I used to take heroin at every opportunity, for over 10 years, now I just take methadone which supposedly "stabilizes" me though I feel more destabilized than ever before despite having been relatively well behaved since late November/early December 2010... and VERY ANGRY about this when I let it get to me so I try not to.

I was told by a mental health nurse that my heroin addiction was "self medication" for a mood disorder that has recently become severe enough to cause psychotic episodes. As well as methadone I take antipsychotics daily. Despite my problems I consider myself a very sane person. My priority is to attain stability. I go to Narcotics Anonymous because I "want what they have" ~ Serenity.

My old blog used to say "candid confessions of a heroin and crack cocaine addict" how come that one comes up when I google "heroin blog" and not this one. THIS IS MY BLOG. I don't flatter myself that every reader knows everything about me and follows closely every single word every day which is why I repeat myself. Most of that is for your benefit not mine.

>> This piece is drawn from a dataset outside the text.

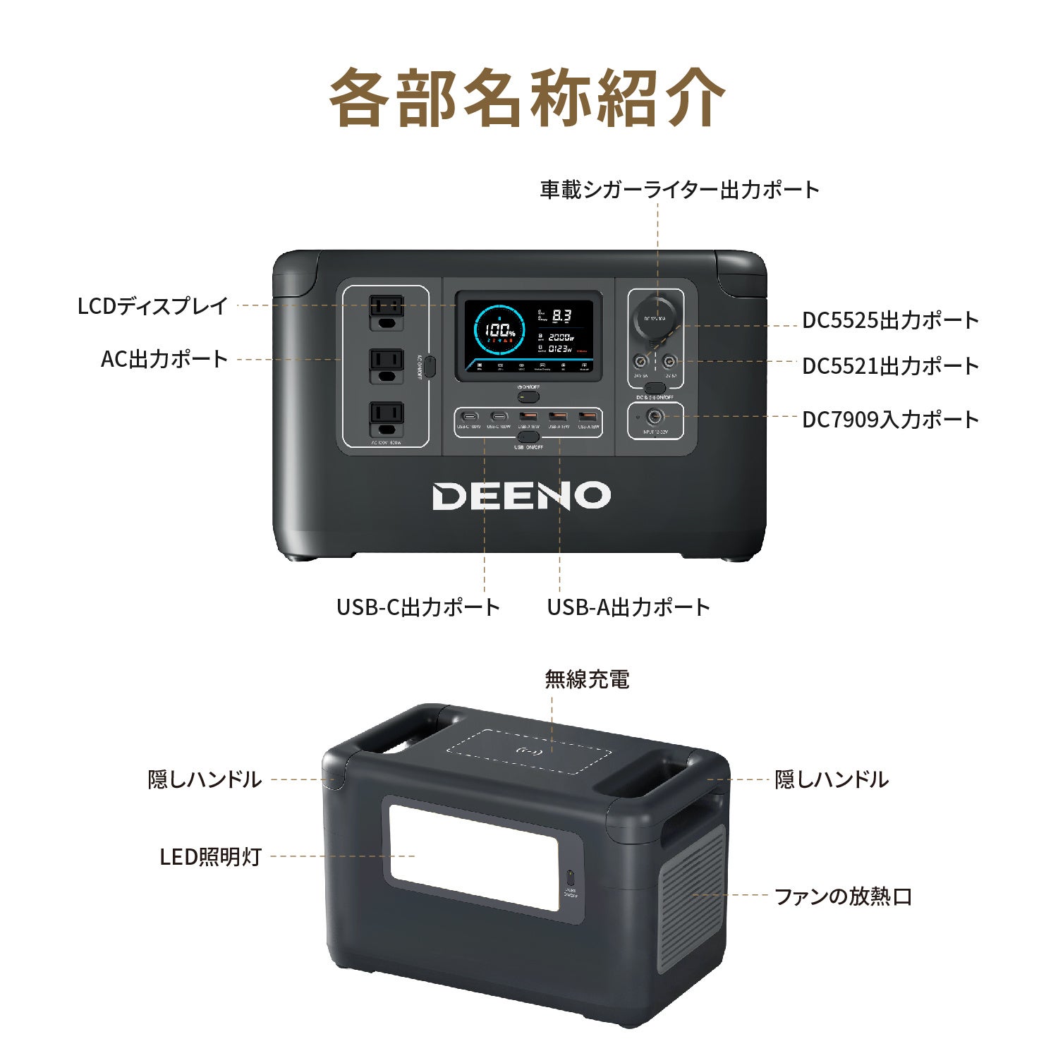 DEENO 自社開発の Intelligent BMSインテリジェントバッテリーマネージメントシステムが、過充電・過電流・過放電と共に温度や短絡を監視。安全なポータブル電源の使用をサポートいたします。
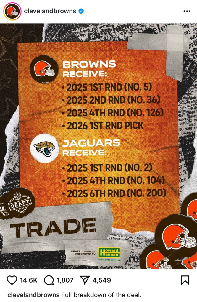 The Browns front office did some sharp work here. Not only did the 5th pick this year become Mason Graham, the best defensive tackle in the class, but they also managed to get a first next year. They’re loading up on assets as the roster is in flux this year with their QB injured. Expect them to add a vet QB in a trade (cough Kirk cough) and maybe a young guy on day 2 or 3. They have two picks at the top of the second so they have a chance to really get after it. The conundrum will be that they passed on picking the dynamic Travis Hunter but only time will tell if this all works out for the Jags.

This is my own private diary, my journal. It is aimed at impressing no-one. It is kept for my own benefit to show where I have been and hopefully to put off somebody somewhere from ever getting into the awful mess I did and still cannot crawl out of. Despite no drugs. I still drink, I'm currently working on reducing my alcohol intake to zero.

If you have something to say you are welcome to comment. Frankness I can handle. Timewasters should try their own suggestions on themselves before wasting time thinking of ME.

PS After years of waxing and waning "mental" symptoms that made me think I had depression and possibly mild bipolar I now have found out I'm schizoaffective. My mood has been constantly "cycling" since December 2010. Mostly towards mania (an excited non-druggy "high"). For me, schizoaffective means bipolar with (sometimes severe)
mania and flashes of depression (occasionally severe) with bits of schizophrenia chucked on top. You could see it as bipolar manic-depression with sparkly knobs on ... I'm on antipsychotic pills but currently no mood stabilizer. I quite enjoy being a bit manic it gives the feelings of confidence and excitement people say they use cocaine for. But this is natural and it's free, so I don't see my "illness" as a downer. It does, however, make life exceedingly hard to engage with...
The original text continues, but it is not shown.